Victime d'un début d'infarctus en mai 2007 alors qu'il était incarcéré à la maison d'arrêt de Poitiers, ce détenu avait été transféré en urgence par hélicoptère au CHU de Bordeaux. Avant d'être conduit deux jours plus tard vers une unité de cardiologie de l'hôpital voisin de Haut-Lévêque. Le policier désigné pour l'escorter n'avait pas fait montre de beaucoup d'égards à son encontre. Le prisonnier avait été contraint de se coucher sur un brancard, les mains menottées dans le dos. Une position guère compatible avec sa pathologie, qui vient de valoir à l'État d'être symboliquement condamné par le tribunal administratif de Bordeaux à lui verser 500 euros de dommages-intérêts.
Pour le principe
« On a récupéré une obole. Mais sur le plan des principes, c'est important, observe son avocat, le pénaliste poitevin Me Lee Takhedmit. En prison, quelle que soit leur responsabilité, les gens sont souvent tétanisés. Ils n'osent pas contrecarrer l'administration pénitentiaire. Dans un État de droit, il est heureux qu'un système judiciaire puisse dire à un moment donné que là, on est allé trop loin. On ne fait pas cela pour l'argent - on en perd plus qu'on en gagne - mais pour défendre une certaine idée de la justice. »
Le détenu, qui a recouvré la liberté, a fait preuve d'une rare ténacité. Il n'a jamais renoncé, patientant près de six ans avant d'obtenir gain de cause. La décision rendue se fonde essentiellement sur l'avis émis en 2009 par la Commission nationale de déontologie de la sécurité, une autorité administrative indépendante dont les missions ont été récemment transmises au défenseur des droits.

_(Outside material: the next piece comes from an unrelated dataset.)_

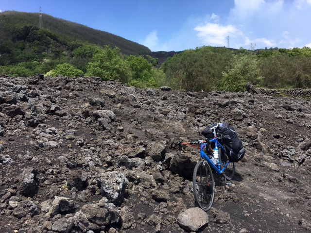 Il Giro d’Italia sarebbe passato da quelle parti la settimana successiva nella tappa Cefalù-Etna. Mi sentivo un po’ come uno di quegli addetti ai lavori che fanno le ricognizioni prima del passaggio dei Campioni. Ho sofferto e ho sofferto tanto, la lenta e dura salita è iniziata 35 km prima, si perché sono partito dal mare …dal punto zero. La pendenza si è fatta sentire da Zafferana Etnea ma una volta arrivato li, davanti a me terra e mare, così tanta terra e cosi tanto mare da non capire dove inizia uno e finisce l’altra, ho capito quanto ne sia valsa la pena.

L'article 803 du Code de procédure pénale stipule que les détenus doivent être minutieusement fouillés avant les transfèrements. Mais il précise aussi qu'ils ne peuvent être soumis au port des menottes ou des entraves que s'ils sont susceptibles de prendre la fuite ou s'ils sont considérés comme dangereux pour autrui ou pour eux-mêmes. Il appartient donc aux policiers ou aux gendarmes de l'escorte de faire preuve de discernement.
Une qualité que n'a pas manifestée le fonctionnaire bordelais qui, en mai 2007, a menotté dans le dos le détenu poitevin alors qu'il était allongé sur un brancard sanitaire.
« Aucun risque sérieux »
« Il ne pouvait ignorer la pénibilité qu'une telle position devait nécessairement entraîner », souligne le tribunal en observant qu'il a aussi refusé l'utilisation des entraves dont disposaient les ambulanciers. Une attitude d'autant plus incompréhensible que l'intéressé « ne présentait manifestement pas de risque sérieux d'évasion ou de trouble à l'ordre public ».
Plutôt que d'opter pour un règlement à l'amiable, le ministère de la Justice a mobilisé ses services juridiques en essayant de se défausser sur le ministère de l'Intérieur, l'extraction et la garde du détenu relevant de l'autorité préfectorale. Une manœuvre dilatoire qui a fait long feu, la juridiction ayant estimé que quoi qu'il en soit, l'État était responsable.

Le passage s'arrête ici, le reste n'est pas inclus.